Aviões militares japoneses e sul-coreanos sobrevoaram uma zona aérea disputada no mar do Leste da China, sem avisar as autoridades chinesas, desafiando uma nova zona de defesa aérea decretada por Pequim. Na segunda-feira, dois caças B-52 dos Estados Unidos, decolaram da ilha de Guam, no Pacífico, e atravessaram a região sem avisar as autoridades chinesas.

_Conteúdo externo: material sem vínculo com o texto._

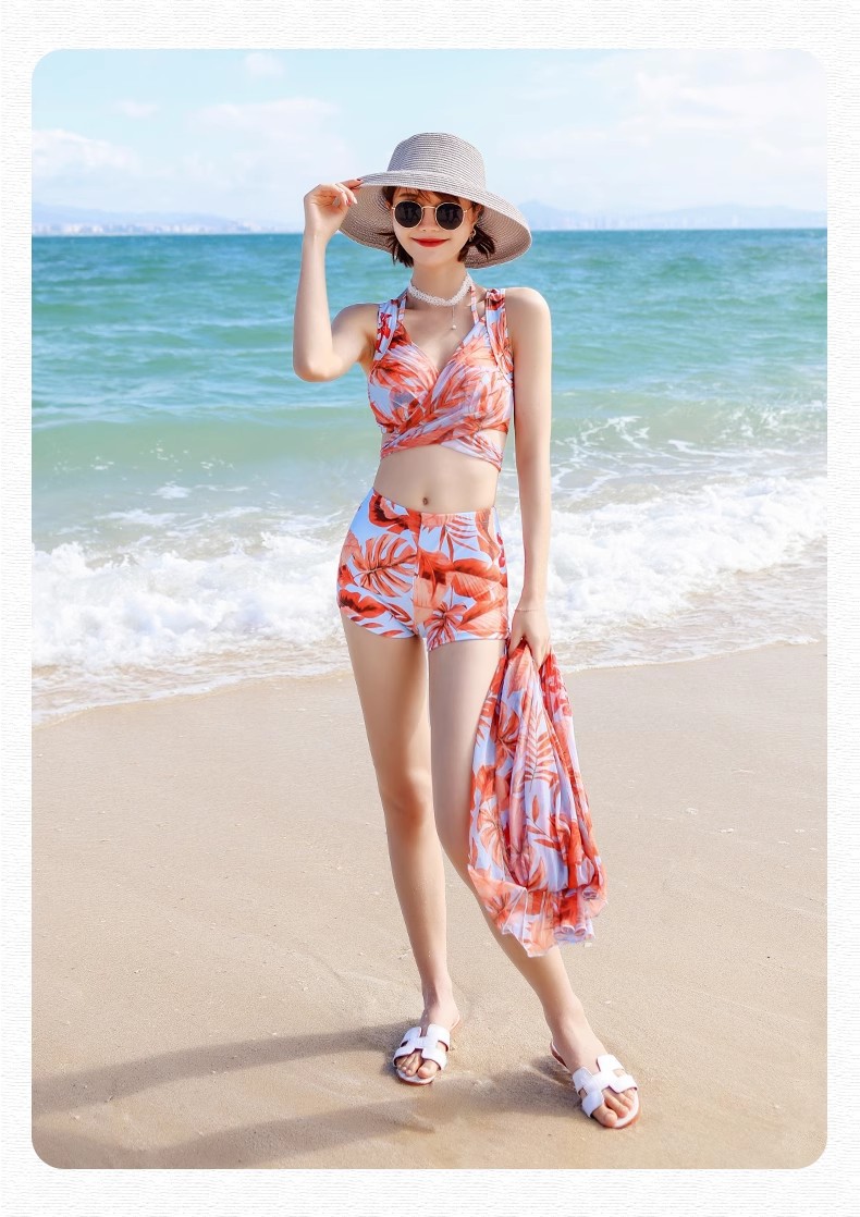 Set Đồ Bơi Nữ Rời Đùi Dài Tay Đi Biển Đi Bơi Chất liệu Polyester 88%, mật độ dệt vừa Áo có sẵn lớp đệm, hông áo có thể rút lên làm croptop cá tính

Essa frente conjunta de desafio acentua a pressão sobre o regime comunista. A própria imprensa oficial chinesa falou em riscos dessa “guerra psicológica”.

Pequim anunciou unilateralmente no sábado uma “zona de identificação da defesa aérea” sobre uma grande parte do mar do Leste da China, zona que inclui as ilhas Senkaku, arquipélago administrado pelo Japão, mas reivindicado por Pequim sob o nome de Diaoyu. Segundo as novas regras ditadas por Pequim, os aviões que pretendam passar pela zona devem apresentar um plano de voo, especificar a nacionalidade e permanecer em contato por rádio com as autoridades chinesas.

Reações

A decisão, além de desafiar a reivindicação japonesa pelas ilhas, foi vista como uma afronta ao domínio dos EUA na região. Washington não se posiciona sobre a soberania das ilhas, mas reconhece o controle administrativo do Japão sobre as ilhas desabitadas, mas potencialmente ricas em recursos.

O decreto chinês deu início a uma tempestade diplomática, com reações hostis de diversos países na região da Ásia-Pacífico, onde as ambições marítimas da China são cada vez mais inquietantes.